### Task to carry out
Every record is to be printed exactly as written, and any picture in it is skipped.

### Data supplied
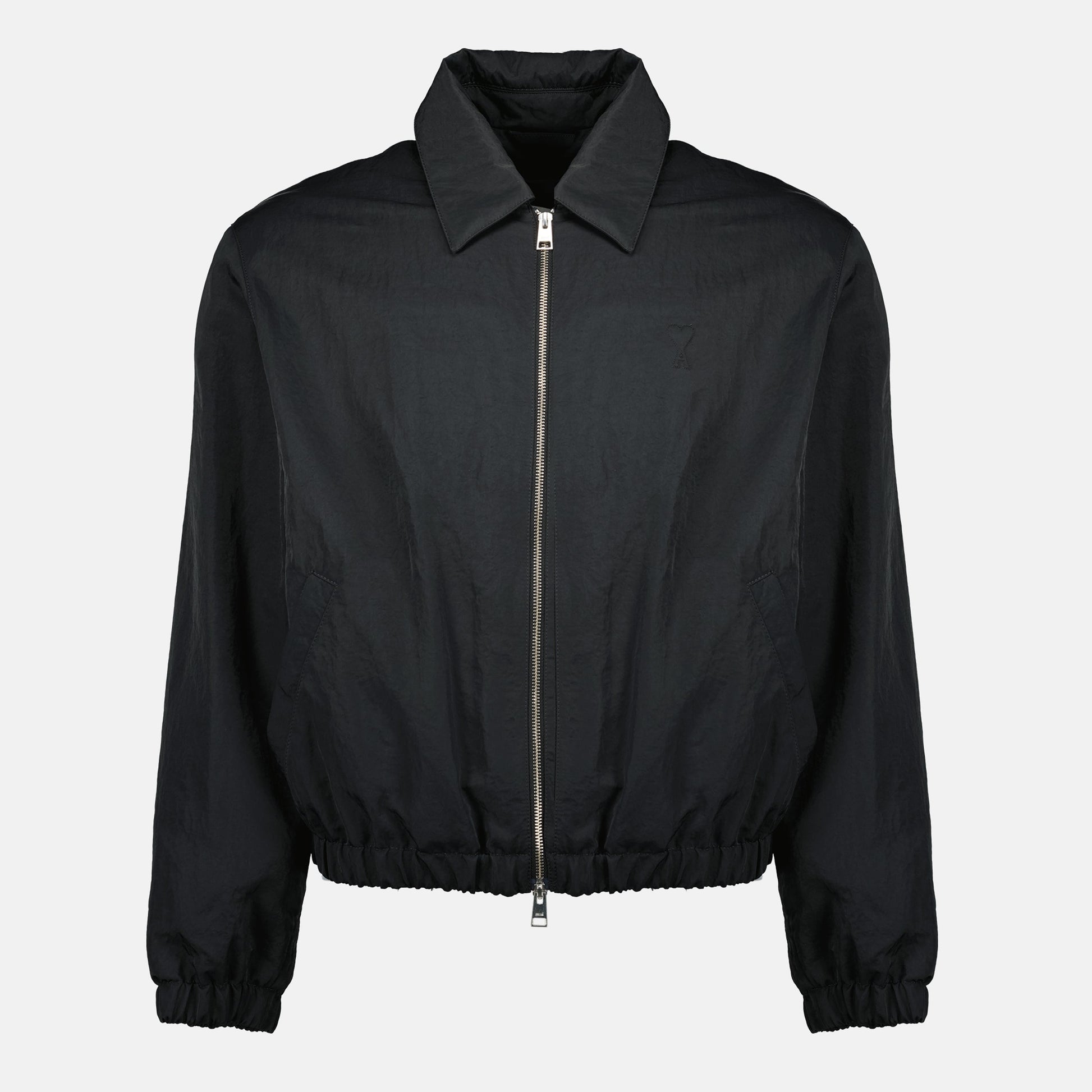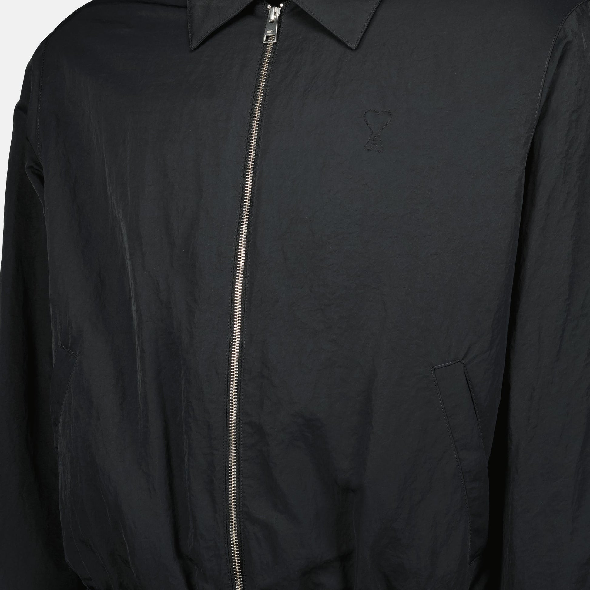 The AMI grey zipped jacket is a men's garment from the Fall-Winter 2025 collection. It is made from polyamide and features a classic design.
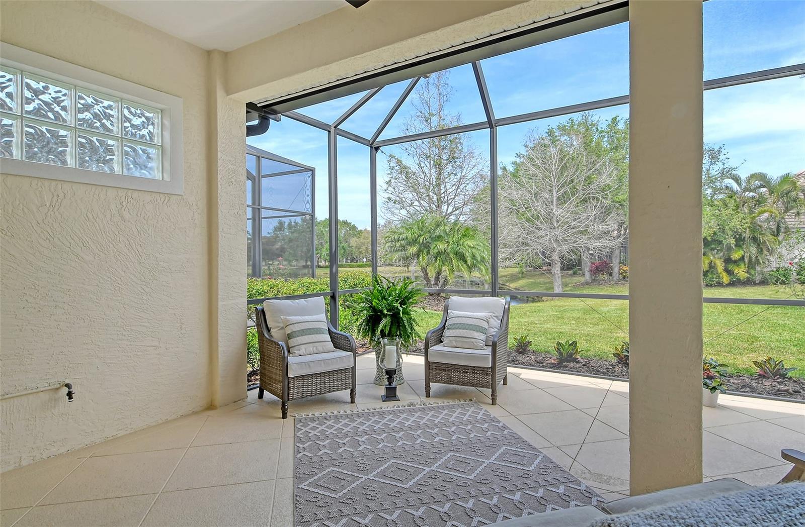Discover effortless Florida living in this beautifully maintained maintenance-free home located in the sought-after Country Club of Lakewood Ranch. Enjoy serene water views from your expanded lanai, perfect for relaxing or entertaining. This charming 2-bedroom + den/office home showcases a desirable great room floor plan with light neutral tones, tile flooring throughout the living areas, and engineered wood in the bedrooms. The chef’s kitchen boasts staggered cabinetry, silestone countertops, and a cozy breakfast nook with sliding doors that bathe the space in natural light. A separate formal dining room adds an elegant touch, while the spacious living area features two sets of sliders leading to the lanai for seamless indoor-outdoor living. Retreat to the primary suite, a private oasis with two custom walk-in closets, tray ceiling, and a relaxing sitting area. The spa-like primary bath includes dual vanities, a garden tub, and a walk-in shower. Recent updates include fresh interior paint, stylish upgraded light fixtures and fans, modern cabinetry hardware, plantation shutters and shades, hurricane shutters on front and side windows, electric hurricane shutter on front door, and enhanced landscaping. The Orchid Island neighborhood offers lawn care, a community pool, and low-maintenance fees for stress-free living. Lakewood Ranch is a premier master-planned community featuring a private Country Club, four championship golf courses, 18 lighted tennis courts, a top-tier athletic center, a polo club, scenic parks, and walking trails. Plus, you're just minutes from Waterside Place, Lakewood Ranch Main Street, University Town Center, and world-class Gulf Coast beaches. Experience the best of Florida living—schedule your private showing today!
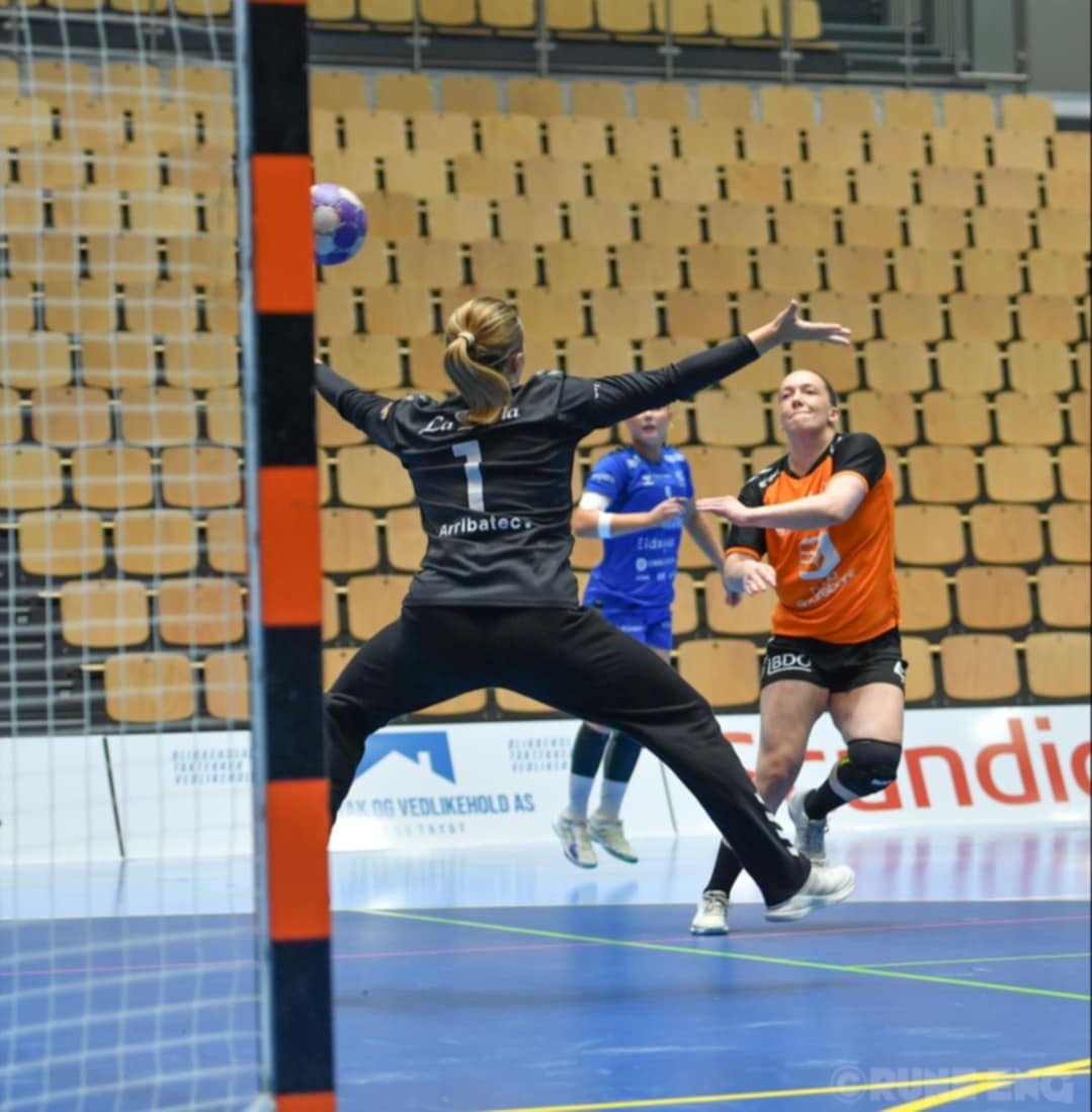 Karina Tjore hadde forrige sesong et snitt på 2.7 mål pr. kamp. Så langt har hun 23 scoringer fra høyrekanten med 68% uttelling. Det er 4.6 mål i snitt, som er betraktelig høyere enn i fjor.
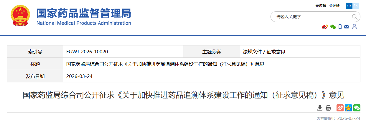 药监局发布《关于加快推进药品追溯体系建设工作的通知(征求意见稿)》
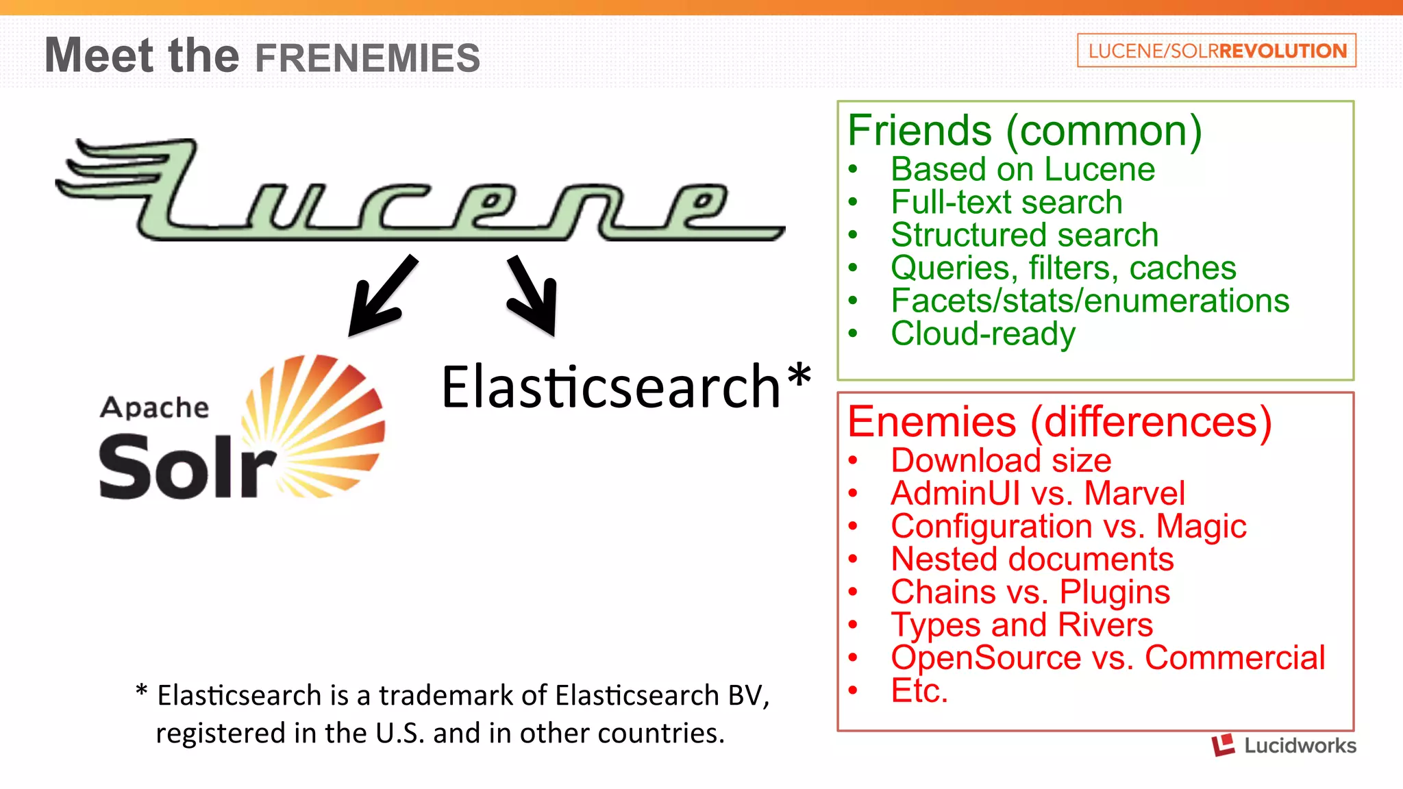 Solr and Elasticsearch are both based on Lucene and provide full-text search and structured search capabilities. They differ in areas like configuration, indexing documents, and representing search parameters. Both allow indexing and searching large volumes of documents and facilitating fast and complex queries.

### Result for this exercise
 The AMI grey zipped jacket is a men's garment from the Fall-Winter 2025 collection. It is made from polyamide and features a classic design.
Discover effortless Florida living in this beautifully maintained maintenance-free home located in the sought-after Country Club of Lakewood Ranch. Enjoy serene water views from your expanded lanai, perfect for relaxing or entertaining. This charming 2-bedroom + den/office home showcases a desirable great room floor plan with light neutral tones, tile flooring throughout the living areas, and engineered wood in the bedrooms. The chef’s kitchen boasts staggered cabinetry, silestone countertops, and a cozy breakfast nook with sliding doors that bathe the space in natural light. A separate formal dining room adds an elegant touch, while the spacious living area features two sets of sliders leading to the lanai for seamless indoor-outdoor living. Retreat to the primary suite, a private oasis with two custom walk-in closets, tray ceiling, and a relaxing sitting area. The spa-like primary bath includes dual vanities, a garden tub, and a walk-in shower. Recent updates include fresh interior paint, stylish upgraded light fixtures and fans, modern cabinetry hardware, plantation shutters and shades, hurricane shutters on front and side windows, electric hurricane shutter on front door, and enhanced landscaping. The Orchid Island neighborhood offers lawn care, a community pool, and low-maintenance fees for stress-free living. Lakewood Ranch is a premier master-planned community featuring a private Country Club, four championship golf courses, 18 lighted tennis courts, a top-tier athletic center, a polo club, scenic parks, and walking trails. Plus, you're just minutes from Waterside Place, Lakewood Ranch Main Street, University Town Center, and world-class Gulf Coast beaches. Experience the best of Florida living—schedule your private showing today!
 Karina Tjore hadde forrige sesong et snitt på 2.7 mål pr. kamp. Så langt har hun 23 scoringer fra høyrekanten med 68% uttelling. Det er 4.6 mål i snitt, som er betraktelig høyere enn i fjor.
 药监局发布《关于加快推进药品追溯体系建设工作的通知(征求意见稿)》
 Solr and Elasticsearch are both based on Lucene and provide full-text search and structured search capabilities. They differ in areas like configuration, indexing documents, and representing search parameters. Both allow indexing and searching large volumes of documents and facilitating fast and complex queries.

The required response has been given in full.